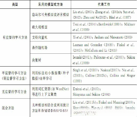 自20世纪90年代后期以来,尤其是进入21世纪以后,基于大规模语料库的统计方法逐渐成为自然语言处理的主流,一大批机器学习方法被成功地应用于自然语言处理的各个方面。根据使用的机器学习方法的不同,我们可以粗略地将基于机器学习的命名实体识别方法划分为如下四种:有监督的学习方法、半监督的学习方法、无监督的学习方法、混合方法。下表对这些方法进行了简要归纳。
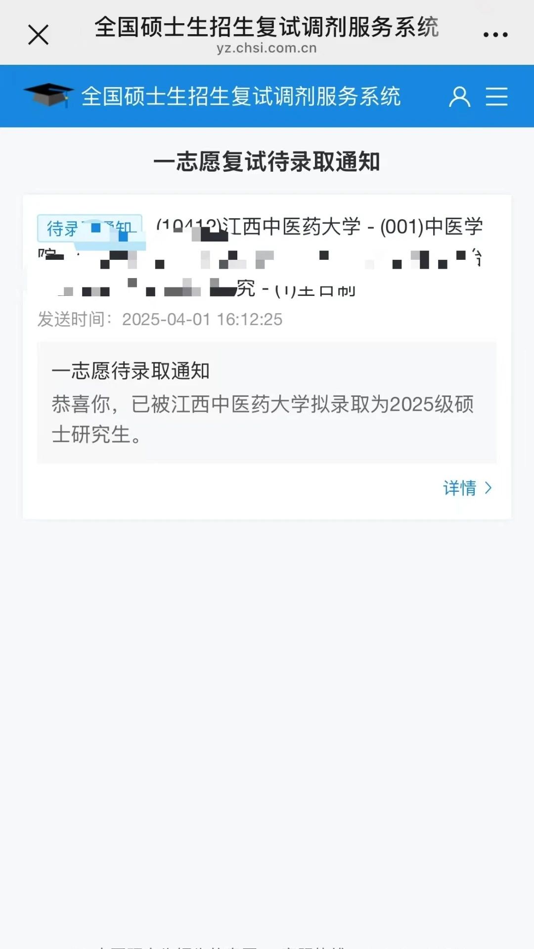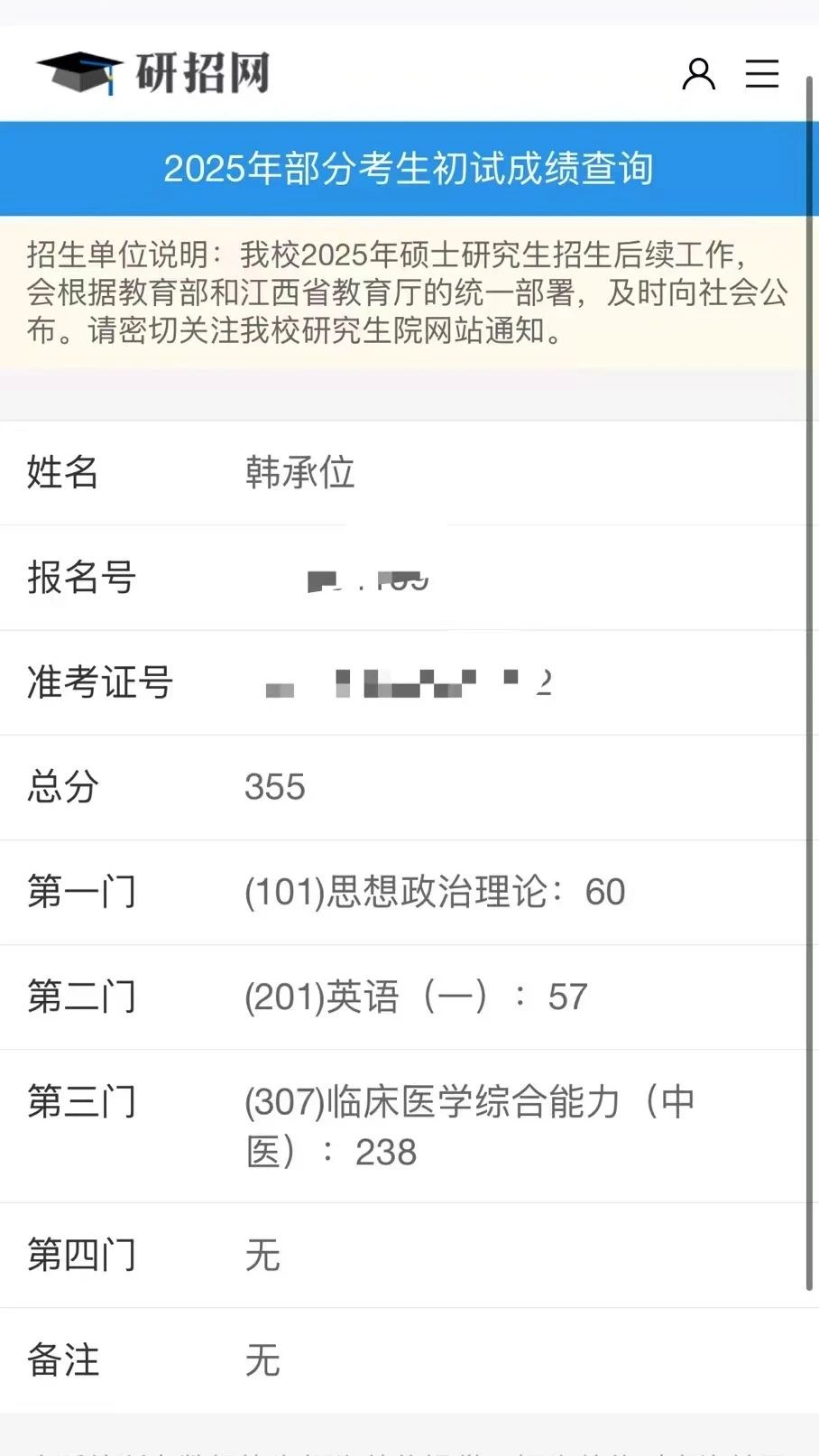 无论是英语政治等公共课,还是难度重重的跨考专业课,他始终直面自身短板,稳扎稳打。无数个挑灯夜战的日子里,他将康复专业知识与中医理论巧妙融合,跨越学科鸿沟。凭借这份执着与智慧,韩承位最终以初试、复试双第一的优异成绩,被江西中医药大学中医专业录取,在考研之路上绽放出属于自己的耀眼光芒,书写了一段令人赞叹的跨考传奇。
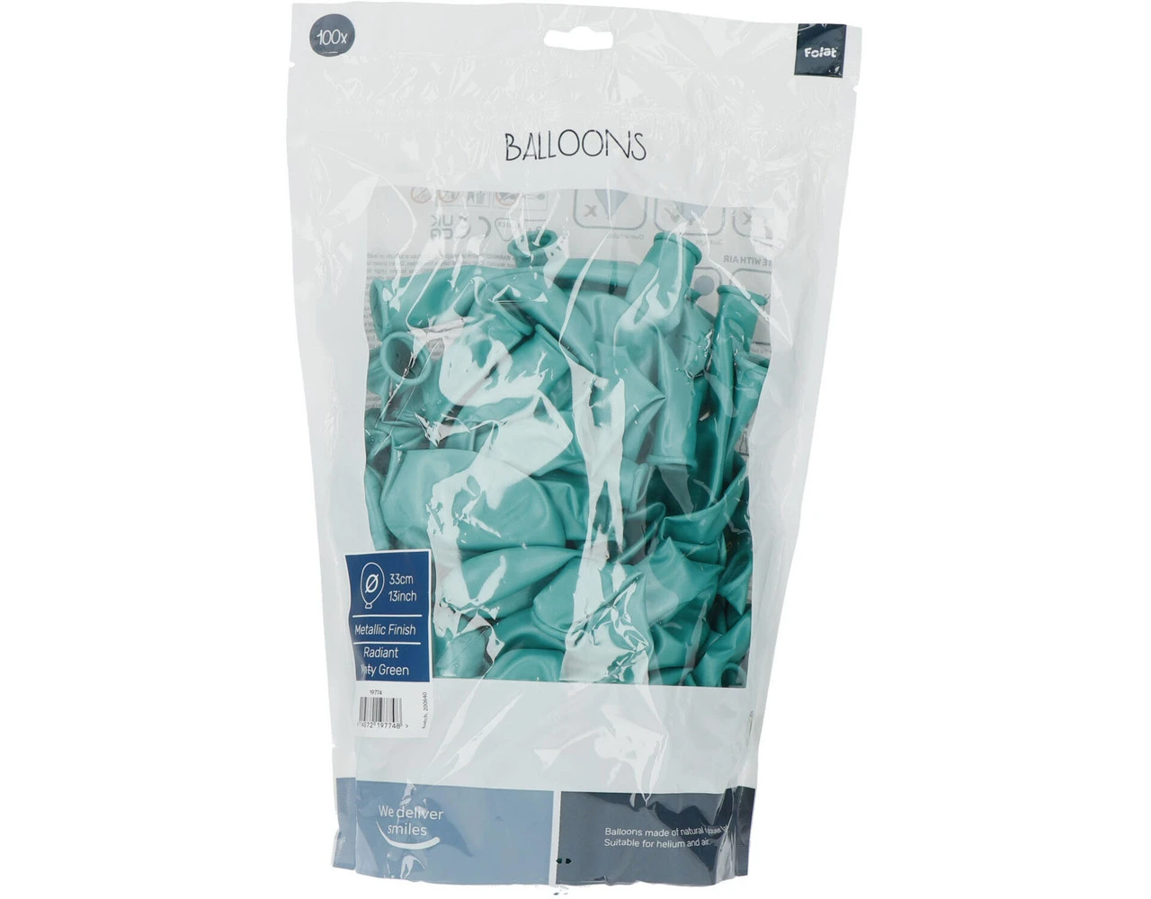 Ballonnen Radiant Minty Green Metallic 33cm – 100 stuks. Inhoud: 100 latex ballonnen. Kleur: Groen. Kleureffect: Metallic. Bijvoorbeeld te gebruiken tijdens de volgende feestgelegenheid/feestgelegenheden: Verjaardag, Kinderfeestje en Themafeest. Elke ballon is 13 inch/33 cm. Het artikel is gemaakt van latex.
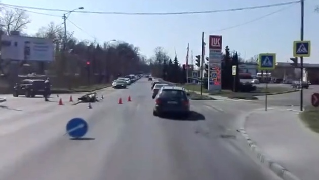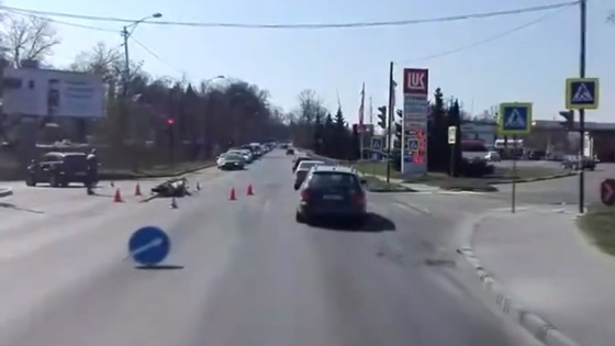 В Калининграде на ул. Суворова образовалась пробка из-за аварии с мотоциклом

══════════════════════════════

WHAT TO DO
Set down the material above word for word and skip its pictures.

ANSWER FOR THE TASK
 自20世纪90年代后期以来,尤其是进入21世纪以后,基于大规模语料库的统计方法逐渐成为自然语言处理的主流,一大批机器学习方法被成功地应用于自然语言处理的各个方面。根据使用的机器学习方法的不同,我们可以粗略地将基于机器学习的命名实体识别方法划分为如下四种:有监督的学习方法、半监督的学习方法、无监督的学习方法、混合方法。下表对这些方法进行了简要归纳。
 无论是英语政治等公共课,还是难度重重的跨考专业课,他始终直面自身短板,稳扎稳打。无数个挑灯夜战的日子里,他将康复专业知识与中医理论巧妙融合,跨越学科鸿沟。凭借这份执着与智慧,韩承位最终以初试、复试双第一的优异成绩,被江西中医药大学中医专业录取,在考研之路上绽放出属于自己的耀眼光芒,书写了一段令人赞叹的跨考传奇。
 Ballonnen Radiant Minty Green Metallic 33cm – 100 stuks. Inhoud: 100 latex ballonnen. Kleur: Groen. Kleureffect: Metallic. Bijvoorbeeld te gebruiken tijdens de volgende feestgelegenheid/feestgelegenheden: Verjaardag, Kinderfeestje en Themafeest. Elke ballon is 13 inch/33 cm. Het artikel is gemaakt van latex.
 В Калининграде на ул. Суворова образовалась пробка из-за аварии с мотоциклом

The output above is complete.